Bovenop de actualiteit met onze mailing.
Heeft u vragen naar aanleiding van de besproken onderwerpen of suggesties voor verbetering van de nieuwsbrief? Wij nodigen u van harte uit deze met ons te delen.
Het was lang wachten, maar vandaag (24 maart 2023) is het dan eindelijk zo ver. De Hoge Raad heeft arrest gewezen in de zaak over bezorgdienst Deliveroo. De Hoge Raad heeft – in lijn met de Rechtbank en Gerechtshof Amsterdam – geoordeeld dat de Deliveroo-koeriers géén zzp’ers zijn en dus werkzaam waren op grond van een arbeidsovereenkomst.

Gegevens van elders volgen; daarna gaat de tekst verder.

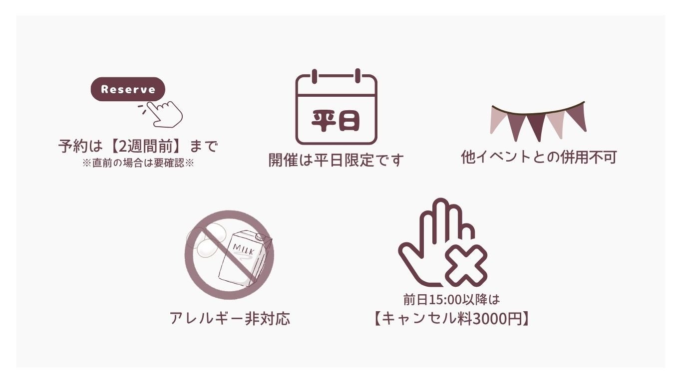 ケーキ付き撮影は平日のみ、兄弟一緒の撮影は不可です。

De maaltijdkoeriers werkten in eerste instantie op basis van een arbeidsovereenkomst, maar in 2018 besloot Deliveroo de maaltijdkoeriers in het vervolg te laten werken als zzp’er, op basis van een overeenkomst van opdracht. Vakbond FNV besloot in een rechtszaak een arbeidsovereenkomst voor de maaltijdkoeriers te vorderen. Deze zaak is van cruciaal belang, te meer omdat Nederland in het derde kwartaal van 2022 ruim 1,2 miljoen zzp’ers telde.
De vraag die centraal stond: voldoen de tussen Deliveroo en haar koeriers overeengekomen rechten en plichten aan de wettelijke omschrijving die art. 7:610 BW geeft aan een arbeidsovereenkomst? Zowel de rechtbank als het Gerechtshof Amsterdam oordeelden dat dit het geval is. Deliveroo ging in cassatie. Ingevolge artikel 7:610 BW is iemand werknemer die in dienst van een ander, tegen loon en gedurende een zekere tijd arbeid verricht. Het criterium ‘in dienst van een ander’, ook wel bekend als de ‘gezagsrelatie’, stond met name centraal in deze procedure.
Deliveroo-koeriers zijn géén zzp’ers, maar werknemers.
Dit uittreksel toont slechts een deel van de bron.